Among the methods that are applicable in studies of the human brain, the electrophysiological methods EEG and MEG have excellent temporal but rather poor spatial resolution. Electrical activity up to 100 Hz can be resolved (millisecond resolution) but the spatial specificity is at the level of the whole brain or sometimes of the cortical lobe.

Modern imaging techniques are better at locating brain activity, but suffer severe drawbacks in terms of temporal resolution. Neither functional Magnetic Resonance Imaging (fMRI) nor Positron Emission Tomography (PET) report neuronal activity on a scale better than a few seconds (see: Cognition & Behaviour). Similar constraints are also valid for employing lesions, which are the most traditional means of studying human brain function. Lesions due to disease (strokes or tumours) usually affect large brain areas and are only rarely small and circumscribed enough to allow conclusions to be drawn about the function of a single defined brain structure or neuronal pathway.

Time-honored research

Electrophysiology using microelectrodes is in many ways still the gold standard of modern neurophysiological research. It has excellent spatial and temporal resolution (in the millisecond and micrometer range). Intracellular techniques, such as patch clamp recordings, can yield data from subcellular compartments such as dendrites and axons (see: Cells). Extracellular recording yields information about single action potentials from single neurons (single unit).
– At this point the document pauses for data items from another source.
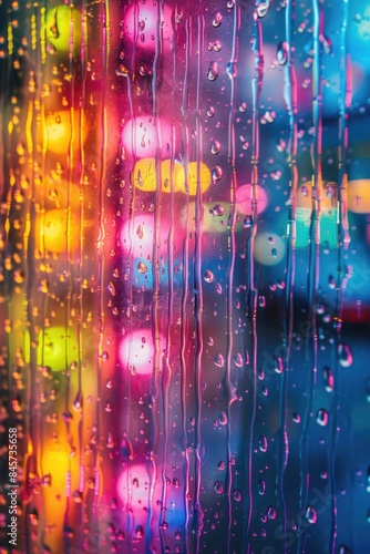 © Fotograf, Obraz premium A wet and rainy day outside, captured through a window with raindrops glistening in the light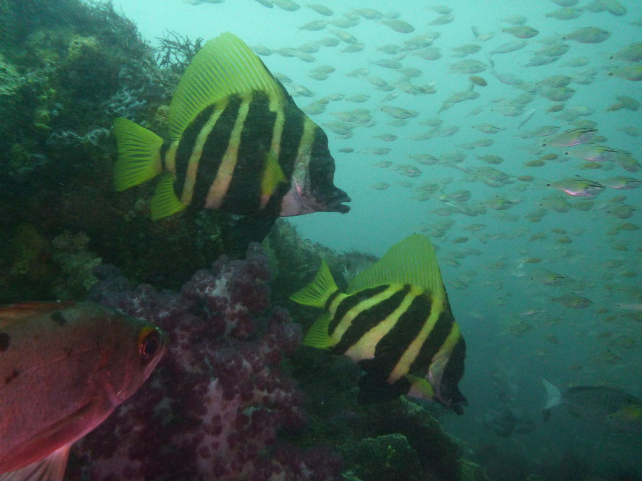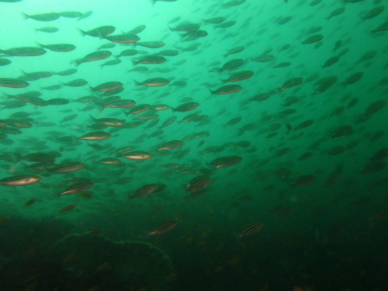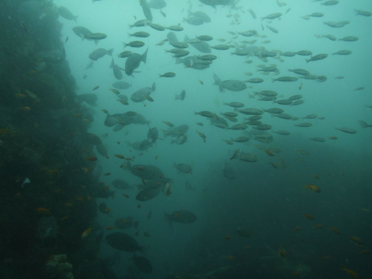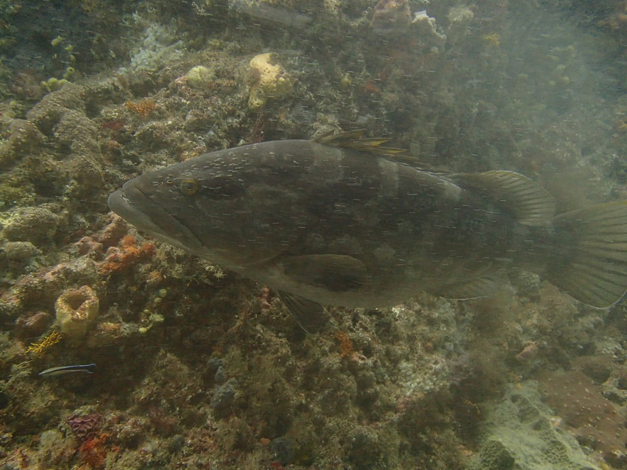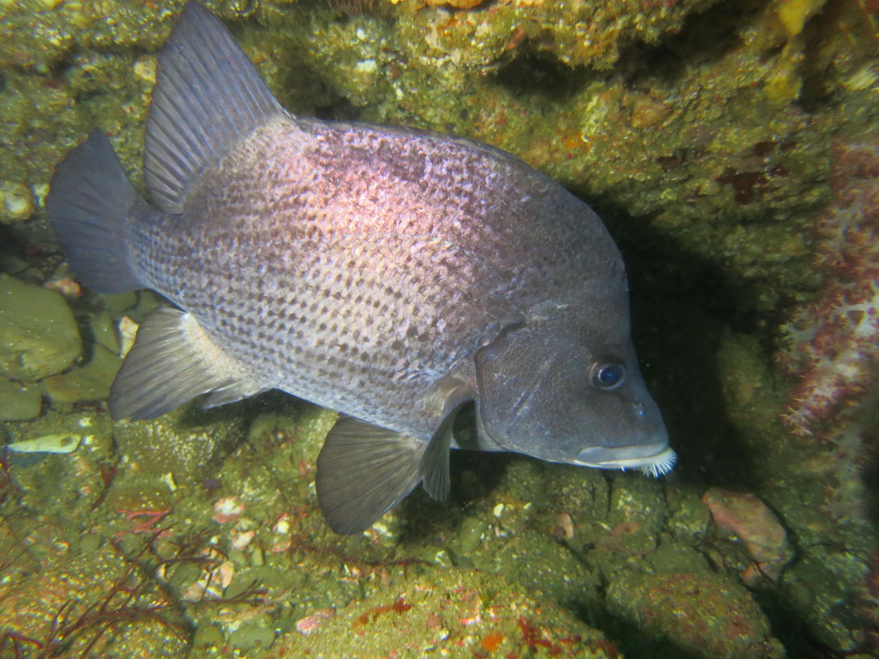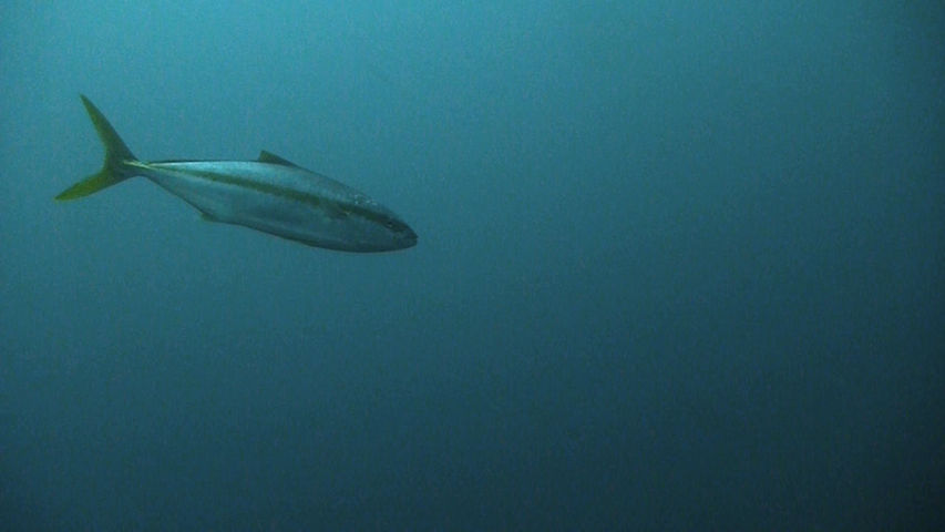 2本目もAポイントからです。北からの流れですが、意外と緩やかなので、南側のエリアを回りました。中層を気にしながら移動しましたが、見通しがよくないので、何かを見つけても、よく観察することが出来ないのが残念です。V字谷は、閑散とした感じでしたが、その上をイサキの群れが、列を成していました。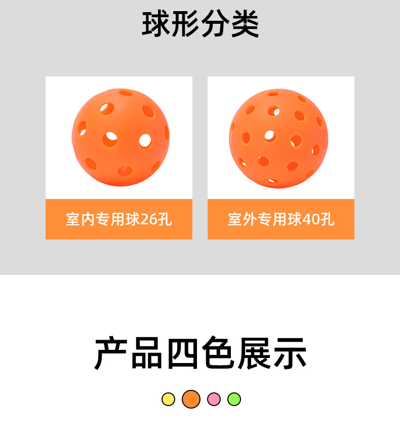 Кросс-бордерный мяч для пиклбола 26/40 отверстий для indoor и outdoor практики, высокоэластичный пластиковый мяч для детей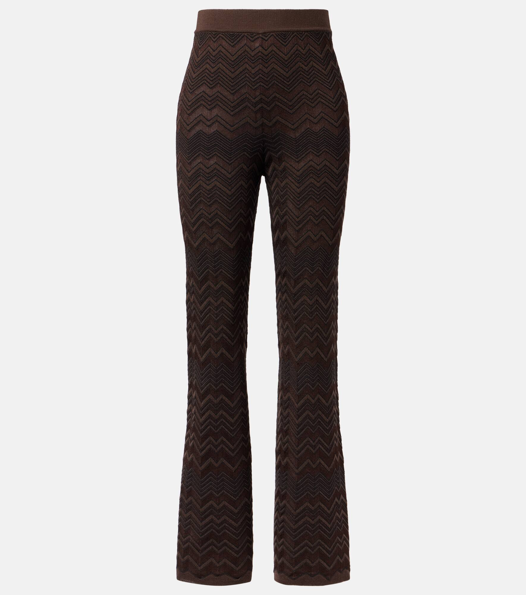 Missoni's iconic Zigzag pattern was first introduced in the 1950s and is now a symbol of Italian luxury. These knitted pants feature the beloved motif and come in a relaxed, slightly flared silhouette. Product Details - Material: 52% viscose, 35% wool, 10% polyester, 2% polyamide, 1% elastane - Care instructions: dry clean - Made in Moldova - Designer color name: Solid color brown - Item color: brown - Fit: flared - High-rise - Elasticated waistband - Full length - Item number: P01045591 Size & Fit - True to size - Stretchy fabric - Slim-leg with a flared hem - High-waisted - The model seen in the picture is 178cm-5'10" and wearing a size IT 38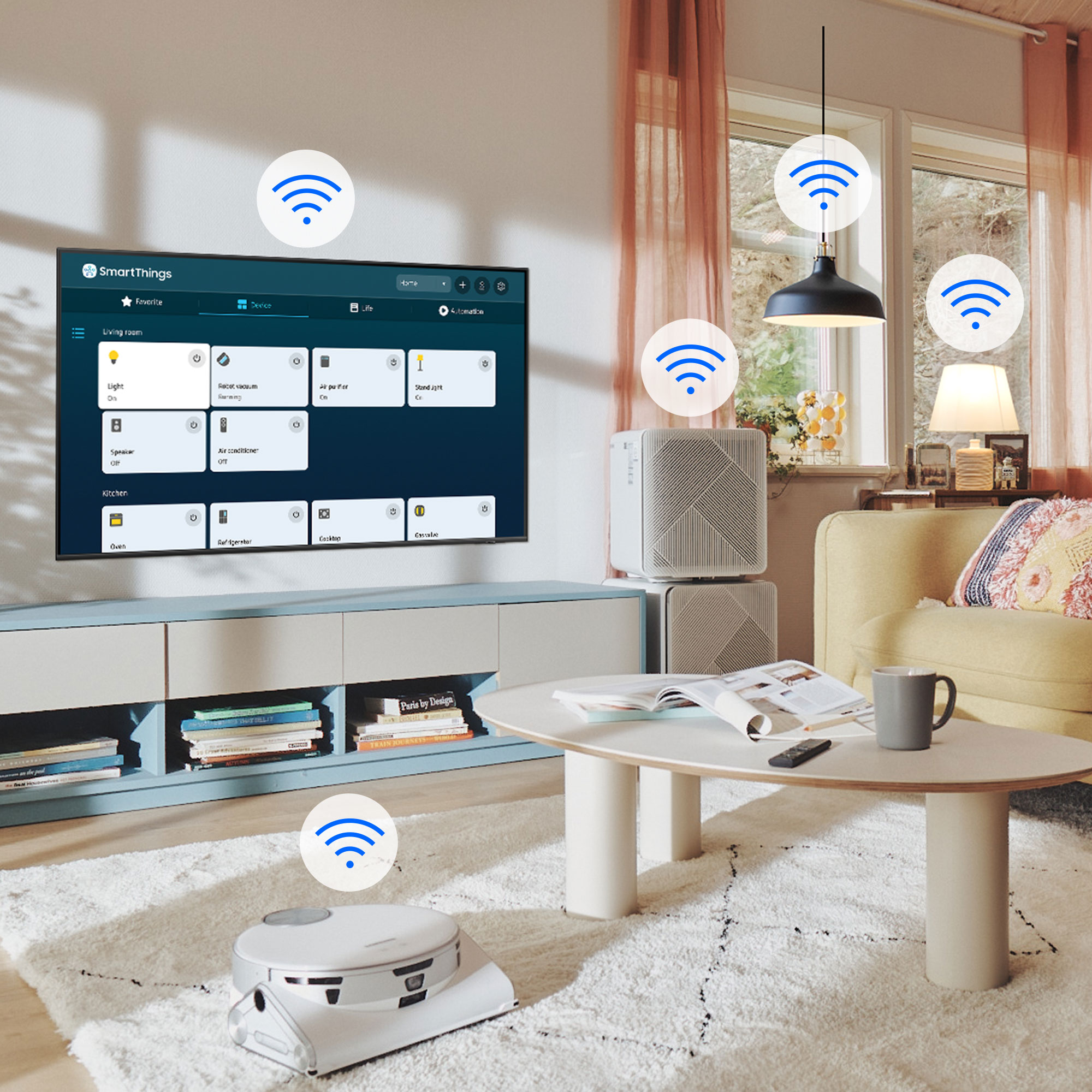 SmartThings (IoT Hub)Your best home butler. Relax and let SmartThings seamlessly connect to, monitor and control all your smart devices to intuitively control your home via a built-in hub. * Available technology, functions and features may vary by country, service provider, network environment or product, and are subject to change without notice. * Requires a Wi-Fi, Bluetooth or other wireless network connection and login to Samsung account.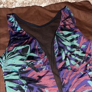 Dive into style with this Tavik Swimwear one-piece swimsuit featuring a captivating tropical print in shades of purple and green. The classic cut with thin shoulder straps and a scoop neckline offers a timeless look, while the vibrant colors ensure you stand out at the pool or beach. Featuring mesh detailing in the cleavage area for coverage and uniqueness, as well as a very low back that makes this one piece bathing suit extra sexy and feminine.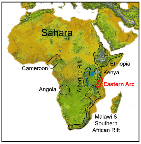 Africa’s montane forests are scattered discontinuously along a 5000-km series of mountains running from the Ethiopian Plateau in the north to the South African coast. Two isolated montane highlands occur to the west: the Angolan Highlands and the Cameroon Highlands [1,2,3] (Figure 1). The fragmentary distribution of montane forest across these regions is primarily a consequence of relief; only a few isolated areas are high enough (>1800 m) for the development of a montane climate, which also requires the low temperature and high precipitation often created by orographic rainfall [4,5]. Some of the forest sky islands are within sight of each other, whereas others are separated by hundreds of kilometers. The intervening dry lowland plant communities appear to serve as a barrier to the dispersal of montane species whose breeding ranges are presently confined to these mountainous highlands [1,2,6,7,8]. The montane habitats of Africa are thus, in effect, ecological islands, analogous to other continental sky island systems around the globe (e.g., the Western Ghats of India [9]; the Madrean Sky Islands of the Southwestern United States of America [10].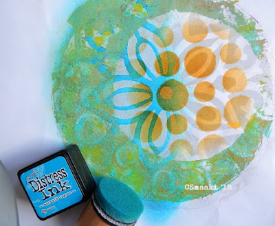 I took a Gelli printed paper and did the technique with a stencil and Versamark ink. Heat embossed it with -clear- embossing powder.
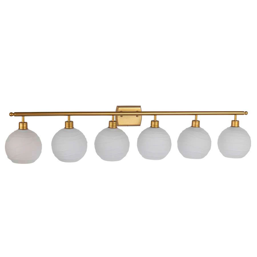 54"W Satin Gold Powder Coat Vanity, six medium base sockets, direct wired, with four Wavy Clear Frosted Glass Shades, recommend six 1100 lumen LED bulbs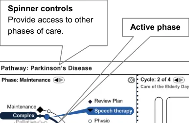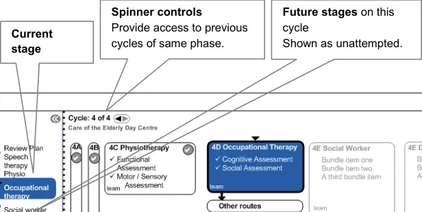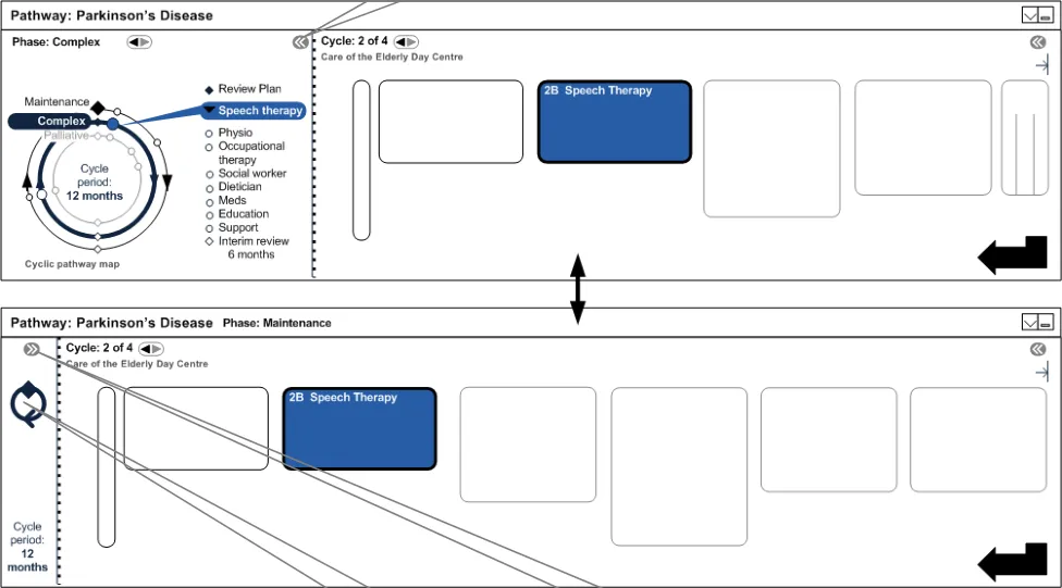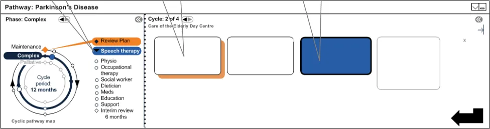 This approach attempts to give overall context of the current care within phases, to show that phases repeat an indeterminate number of times, and to provide access to previous phases.
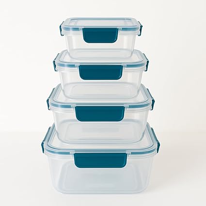Store 4’lü Kilitli Saklama Kabı Seti – Sızdırmaz Kapaklı, Farklı Boy ve Renklerde, BPA İçermez, Plastik Gıda Saklama Kutusu (Mavi)

Field potentials sample from small networks confined to the sub-millimeter range. Around the same spatial range of neuronal tissue is activated by electrical micro-stimulation (see: Networks).

Optical Methods

New optophysiological methods use light to probe neuronal activity with high temporal and spatial precision. Intrinsic optical imaging and voltage-sensitive dyes report neuronal activity on the scale of milliseconds. However, they are as of yet not able to resolve single neurons.

Calcium imaging uses indicator dyes that are introduced into single cells or cell populations by different means (e.g. incubation or via microlelectrodes). Thus cellular and sub-cellular resolution is reached with this method (see: Networks).

Optogenetic stimulation uses genetic modification of specified neurons. Here, light-sensitive ion channels or pumps are inserted into the neuron’s membrane. Complex genetic constructs using genes that are transcribed only in specific tissues can be used to specifically label sub-populations of neurons. Stimulation of neuronal subclasses or single neuron stimulation may eventually become feasible with this method.

Other Methods

Last but not least, the methodological toolbox of molecular biology and genetics for assessing the function of molecules is vast (see: Genes and Molecules). These methods permit the measurement or manipulation of the function of single molecules and molecular signalling cascades. These methods can be targeted at single cells as well as at whole organisms. They thus cover measurements over a large range of temporal and spatial scales.